CorrTek marketing mixer newsletter for January 13 - 17, 2020

A conference (more on that at the bottom of this here newsletter), hiring a new content specialist, plus execution of new year plans means a lot of little stuff is falling through the cracks. This is the time of year you find out what’s actually important versus something that looked interesting on a whiteboard.

This is when your process matters the most, and you have to love the process. You can’t go from ideation to launch without process.

I gotta tell you, my processes need work. A tweet from one of my favorite internet people reminded me that not everything needs to be perfect. After all, perfection is the enemy of success.

So, with that in mind, ship that project. Start that ad series. Launch that new service. Don’t worry about it, we’ll get it in post.

Right next to and beside

When you manage brick and mortar locations its difficult to be effective on Google Maps. There’s so much to take into consideration and is almost impossible to know not just landmarks, but what the locals need to find your location.

Using features like what’s in this post are great, but the real critical piece that’s missing is empowering your local staff to be engaged with Maps. How can you engage your locations to get involved?

Google Local/Maps With “In Between” Links To Other Businesses

Get intentional about intent

If you’ve been doing content marketing anytime since 2010 you’ve known optimizing for user intent is the highest priority for conversions. In this post you hear it straight from Google, intent is important. But, its never going to be the only way.

Keep in mind, any work on SEO (intent or keyword based) is a long game. Stay committed – Focused. It will eventually pay off.

Google’s John Mueller on intent research vs keyword research for 2020

The trust funnel

Exclusively optimizing for new users is something that has always infuriated me. First, it’s disrespectful to your existing users. Second, true prospects don’t turn into customers in one step.

Instead, optimize your content to treat the person reading/engaging with it as what they are, a business owner, a person who has a problem and is looking for more than just a product. Every step in the process is a chance to build trust.

SEO is Not Enough: Why B2B Marketers Need to Optimize for Trust with Influence

Video, video and more video

This is a good interview, I’ll just leave it with this quote:

“…I think the biggest thing from all the ones that I’ve had that are successful is cohesiveness of vision.

So while all the videos are totally different, making sure your team is 100% on the same page when making the content is what makes the most successful stuff…”

Break Free B2B Series: Adam Dunn on Creating Blockbuster Video Content in B2B

Stop to recognize your accomplishments | Get Better Friday

Earlier this week I had the opportunity to speak at my companies semi-annual conference. I’ve participated in breakouts before, but always with a partner and always about a company project.

However, this one was different. I was asked to speak about social media and digital marketing. Just me. Whatever direction I wanted to take it. This has been 10 years in the making.

Back in 2009 I was in a totally different place. I wasn’t in marketing, I was as far away from this industry as possible (spending most of my day driving a forklift). I had a objective though. I knew that I wanted to be in digital marketing and that I could be successful if given the opportunity.
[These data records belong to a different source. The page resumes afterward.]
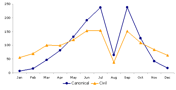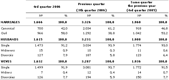 There was a total of 1,666 marriages in October, November and December in the A.C. of the Basque Country, meaning a 15% decrease in relation to the same quarter of 2005. By province, residents of Bizkaia held 845 weddings, followed by those of Gipuzkoa, with 608 and those of Álava, with 161. In the case of those who had settled outside of our Community, the number of weddings came to 52.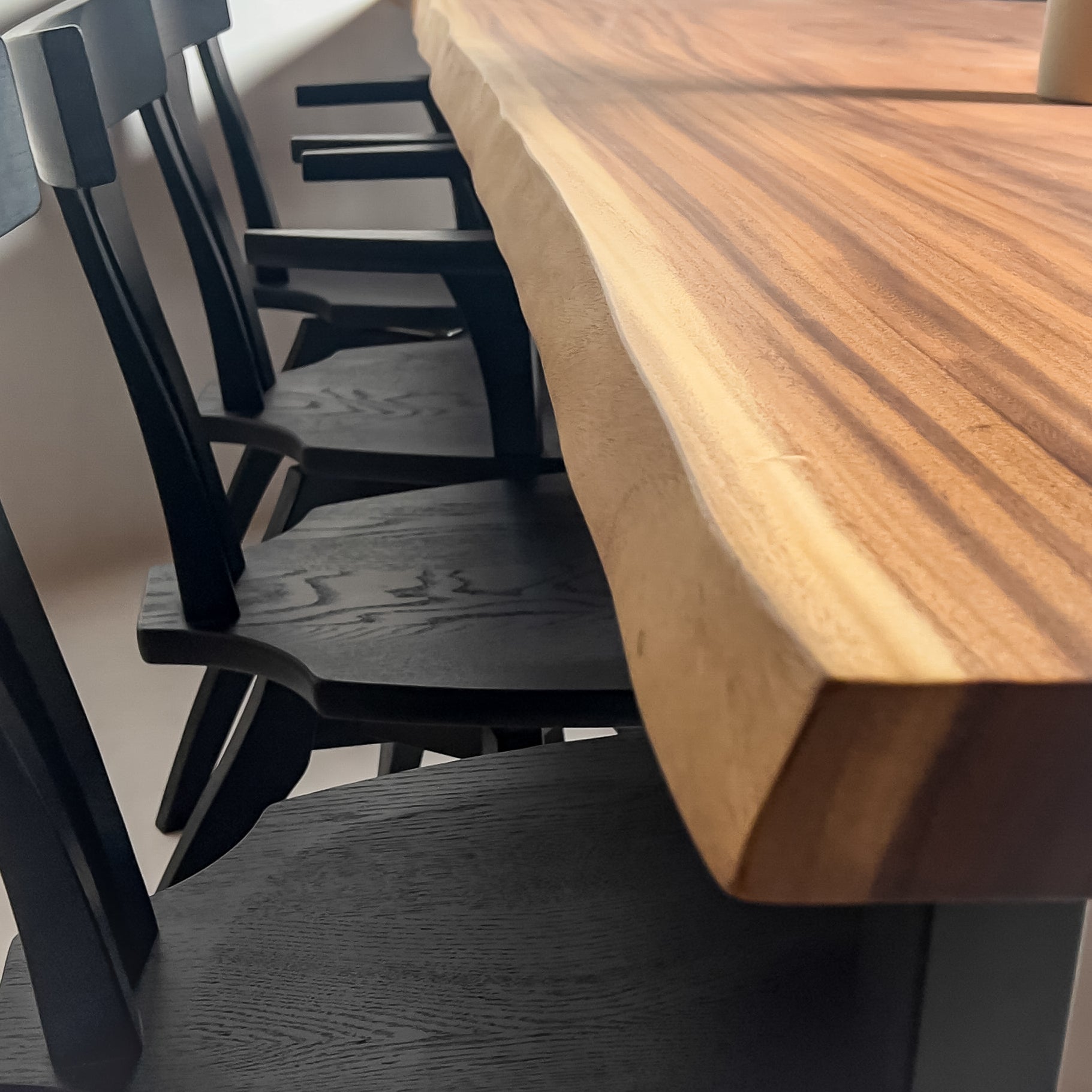 現代の空間に映えるモダンな佇まいを意識しつつ、一枚板ごとに素材感と存在感の出方を見極め、加工を行います。造形を整えすぎず、木が本来持つ表情を残すことを大切にしています。 ![]() |
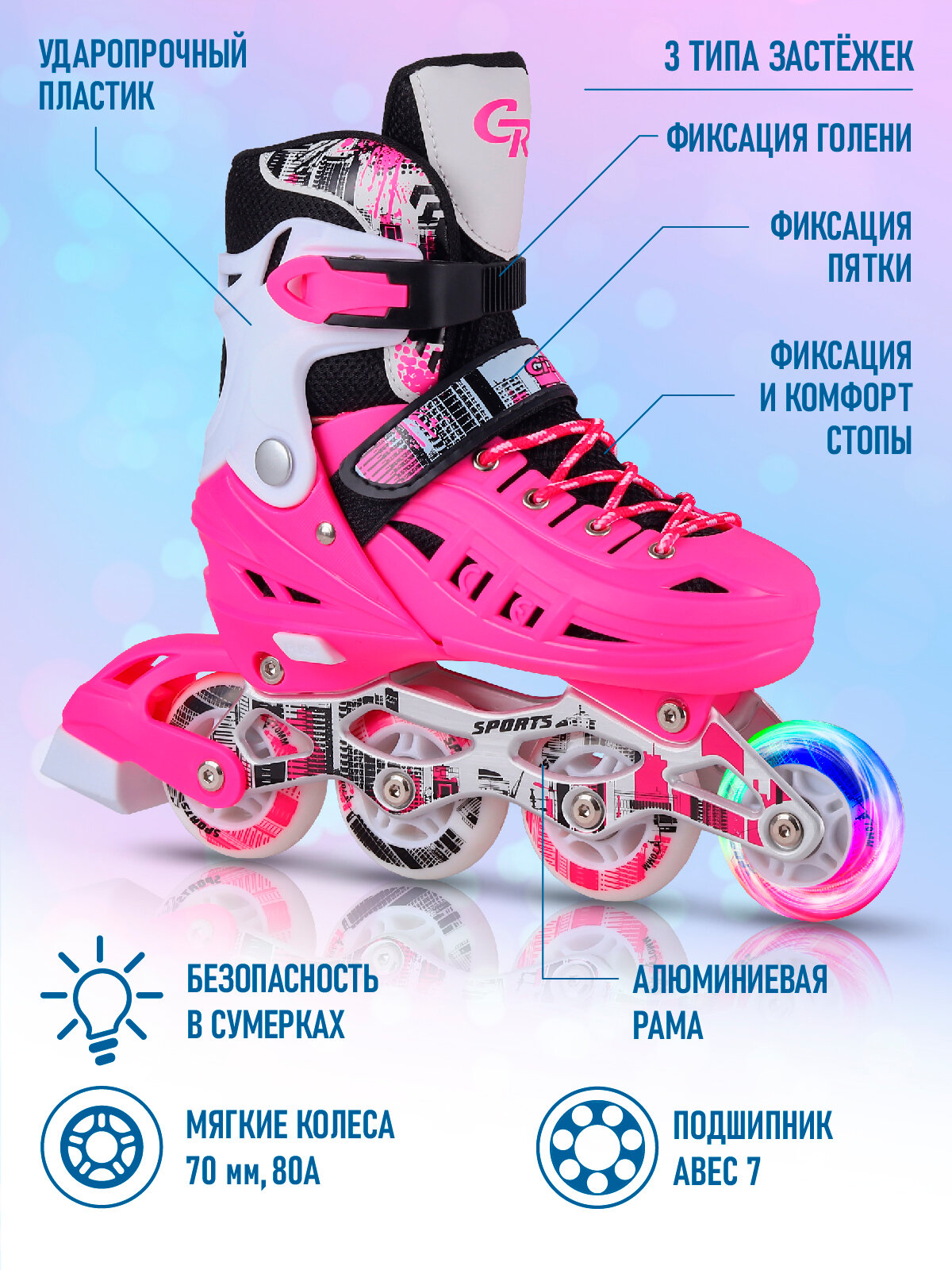 10 цен на Роликовые коньки детские CITYRIDE, PU колеса/первое светится, ABEC 7, размер М (34-38), раздвижные, JB8800083/M(34-38)
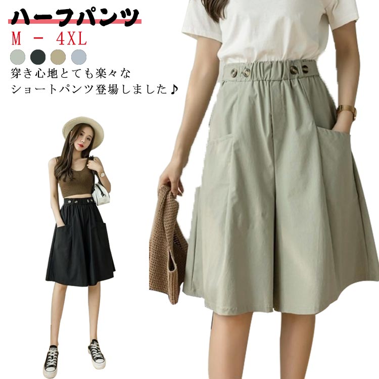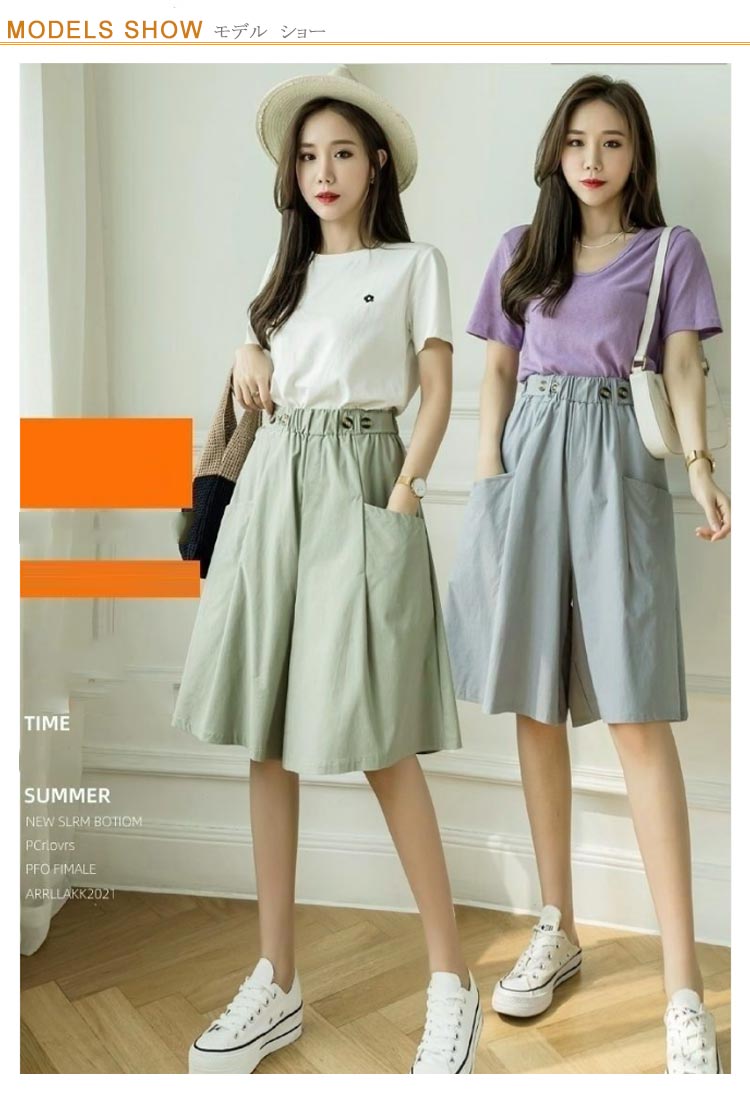 ハーフパンツ レディース スカート風 ショートパンツ カジュアルパンツ 短パン 薄手 涼しい 五分丈 キュロットパンツ スカーチョ ボトムス aライン ハイウエスト 美脚 脚長 ウエストゴム 通勤 通学 カジュアル キレイめ 大きいサイズ プレゼント ギフト 送料無料

For 10 years I talked to anyone that would listen. I offered to send strategies, documents, projects. I was willing to travel to any meeting in the company where this topic might be useful. I was… Annoyingly persistent. This lead to a position on our ecommerce team 7 years ago and then my dream, to build a digital marketing team.

So this week, when I was given the opportunity to speak to the entire company about this topic I had to take a moment to reflect how far I’ve come in the last 10 years. It was never a big jump, but instead thousands of little steps along the path.

Sometimes we all need to stop and look at how far we’ve traveled. Always looking to the future is helpful, knowing where you want to go. But, don’t forget to look back at what you’ve accomplished and give yourself credit.

You deserve it.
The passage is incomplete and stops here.